Hilfspaket für BäuerInnen: Hilfen müssen jetzt an Mengenreduzierungen gebunden werden

Zu den von der EU-Kommission bereitgestellten Agrarhilfen sagt der agrarpolitische Sprecher der Landtagsfraktion von Bündnis 90/Die Grünen, Bernd Voß:

Was die EU-Agrarminister vorhaben, geht in die falsche Richtung, denn es verlängert und verschärft die Milchkrise. Allein die Verluste der MilcherzeugerInnen werden im laufenden Jahr in der EU auf über 16 Milliarden Euro anwachsen. In Schleswig-Holstein wird es in diesem Jahr ein Defizit von 400 Millionen Euro für die Milchviehbetriebe geben.  

Bundeslandwirtschaftsminister Schmidt und der Bauernverband wollen aus den knapp 70 Mio. EU-Geldern für Deutschland vor allem Liquiditätshilfen und Bürgschaften fördern. Die bereitgestellten Mittel müssen aber an eine Drosselung der Produktionsmenge gekoppelt werden. Nur so können die Mittel noch wirksam werden und überhaupt einen Beitrag zur Minderung der Krise leisten. Mit einer reinen Ausschüttung ist niemandem geholfen. Wer Geld möchte, der muss auch zur Lösung der Marktkrise beitragen.

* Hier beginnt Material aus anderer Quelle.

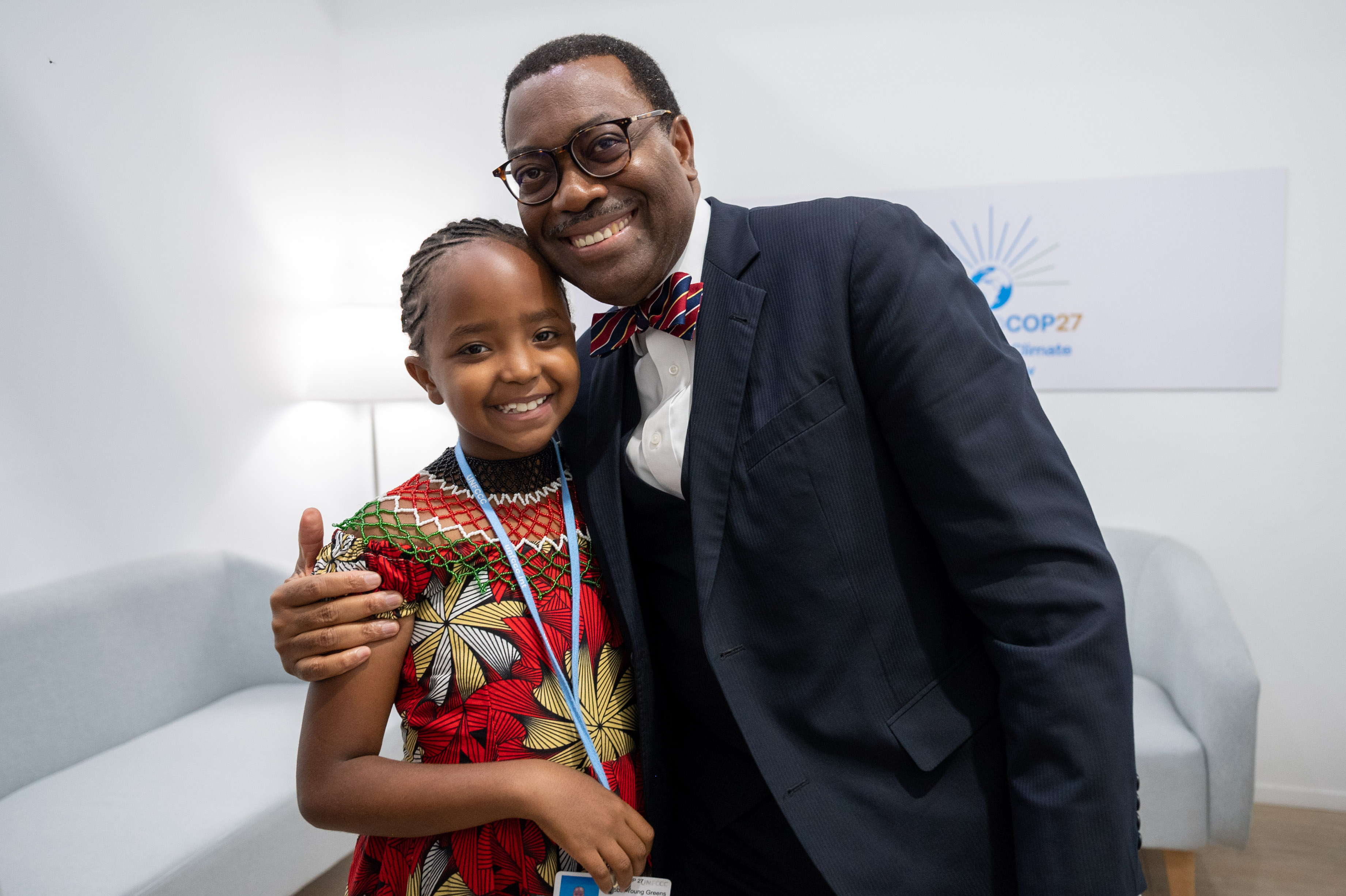 - O Presidente do Grupo Banco Africano de Desenvolvimento, Akinwumi Adesina, felicita a jovem Karen Kimani pela sua paixão pela proteção do ambiente, durante a COP27 no Egito, em novembro de 2022

MilcherzeugerInnen, die auf Liquiditätshilfen zurückgreifen wollen, müssen ihre Produktionsmenge um mindestens fünf Prozent reduzieren. Die Beihilfen sollen außerdem an einer an Grünland gebunden Milcherzeugung festgemacht werden. SchweinehalterInnen müssen, wenn sie Hilfen wollen, die Belegung der Ställe um mindestens zehn Prozent verringern. Das würde dem Markt, den BäuerInnen und den Tieren helfen.

Weder die EU-Kommission noch Agrarminister Schmidt haben die Zeichen der Zeit erkannt und wirksame Lösungen vorgeschlagen. Die strukturellen Ursachen der Marktkrise müssen endlich angegangen werden anstatt immer neue öffentliche Mittel einzufordern. Das Überangebot auf dem Markt ist nur mit einer Reduzierung der Produktionsmenge erreichbar.

Die Politik der Exportförderung, die von der EU-Kommission, dem Agrarminister und dem Bauernverband weiterhin auf Teufel komm raus propagiert wird, ist ein fataler Fehler. Mit dieser falschen Politik wird weder den BäuerInnenn oder den VerbraucherInnen, noch dem ländlichen Raum geholfen.